Eltern stimmen über Kapellenschule ab
Bald auch Gemeinschaftsschule? Die Eltern der Kapellenschule am Dr.-Thomas-Plaßmann-Weg stimmen Ende Februar ab.  Bild: jed

Mehr als ein Drittel der Eltern hat sich dafür ausgesprochen, das Verfahren zur Bestimmung der Schulart in Gang zu setzen. Darüber informierte Roland Thiesbrummel, Leiter des Fachbereichs Schule, den Bildungsausschuss. Damit ist der Schritt zwingend und das Ergebnis der Abstimmung nach dem Schulgesetz des Landes NRW bindend.

Die Diskussion über eine Umwandlung hatte im vorigen Jahr begonnen, weil sich die Elternvertretung nicht damit abfinden wollte, dass die Leitungsstelle nicht besetzt werden kann. Die kommissarische Leiterin Jutta Hermann (50) kann die Stelle nicht übernehmen, weil sie evangelisch ist. Bei einer Gemeinschaftsschule wäre das möglich.

Seit dem Ausscheiden der früheren Leiterin im Sommer 2010 aus gesundheitlichen Gründen wird ein Nachfolger oder eine Nachfolgerin gesucht. Vier Ausschreibungen brachten kein Ergebnis. Seit Juli 2010 ist Jutta Hermann, Konrektorin der Grundschule Isselhorst, nach Avenwedde abgeordnet. Zwischenzeitlich ging auch dort die Konrektorin der Kapellenschule in Elternzeit.

Zum Stichtag 10. Januar wurden 251 Kinder an der Schule unterrichtet. 111 Eltern beantragten demnach, das Verfahren in Gang zu setzen. Einige Anträge bedürfen aus formalen Gründen der Nachbesserung, weil nur ein Elternteil unterschrieben hat, aber das notwendige Quorum von 20 Prozent dürfte laut Thiesbrummel auf jeden Fall erreicht werden. Noch bis Ende des Monats haben die Eltern Zeit, einen Antrag zu stellen.

Die Abstimmung in der Schule soll voraussichtlich zwischen dem 27. und dem 29. Februar, die Auszählung am 29. erfolgen. Für eine Umwandlung ist eine Zwei-Drittel-Mehrheit (168 Stimmen) erforderlich. Um die Eltern noch einmal zu informieren, lädt die Stadt für Mittwoch, 8. Februar, zu einer Versammlung in die Aula der Grundschule ein.

Laut einem Brief von Thiesbrummel und Schulrätin Christel Dahlhoff-Hilbert soll Konrektorin Sandra Wöhrmann Mitte Mai aus der Elternzeit zurückkommen. Weiter heißt es im Brief, alle Lehrer hätten erklärt, sie würden auch bei einem Wegfall der Konfessionsgebundenheit weiter an der Schule unterrichten wollen.

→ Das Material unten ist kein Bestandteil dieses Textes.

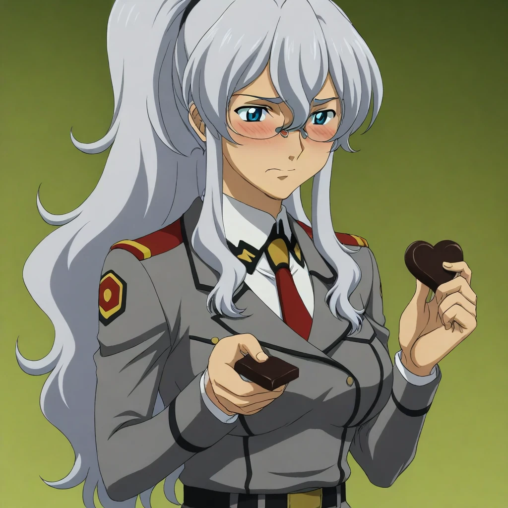 chall acustica \(gundam\), silver hair, long hair, hair between eyes, sidelocks, blue eyes, eyeglasses, hairband, ponytail, collar, necktie, military uniform, white undershirt, belt, skirt, pants, heels, , 1girl, solo

Die Kapellenschule ist außer der Josefschule in Spexard und der Overbergschule an der Neuenkirchener Straße eine von drei Bekenntnisschulen in Gütersloh. Eine Umwandlung hätte zur Folge, dass die katholische Ausrichtung entfiele und auch evangelischer Religionsunterricht angeboten würde. Die Konfession der Leitungskräfte würde keine Rolle mehr spielen, sondern nur noch ihre Qualifikation.

Das Verfahren zur Bestimmung der Schulart läuft nach Paragraf 27 des Schulgesetzes NRW. Es muss von den Eltern eines Fünftels der Schüler beantragt werden (Stichtag ist 10. Januar), und anschließend müssen sich zwei Drittel der Eltern (66 Prozent) für eine Umwandlung entscheiden, damit dies tatsächlich geschieht.

Im Kreis sind in Kaunitz und in Rietberg nach solchen Verfahren katholische in Gemeinschaftsschulen umgewandelt worden. Auch an der Overbergschule gab es Bestrebungen. Stattdessen wurde nebenan die Astrid-Lindgren-Schule gebaut, die 2013 schon wieder ausläuft. Die Kapellenschule wird seit drei Jahren zweizügig geführt. Die Schülerzahl ist im Vergleich zum Vorjahr um gut 30 auf 251 zurückgegangen.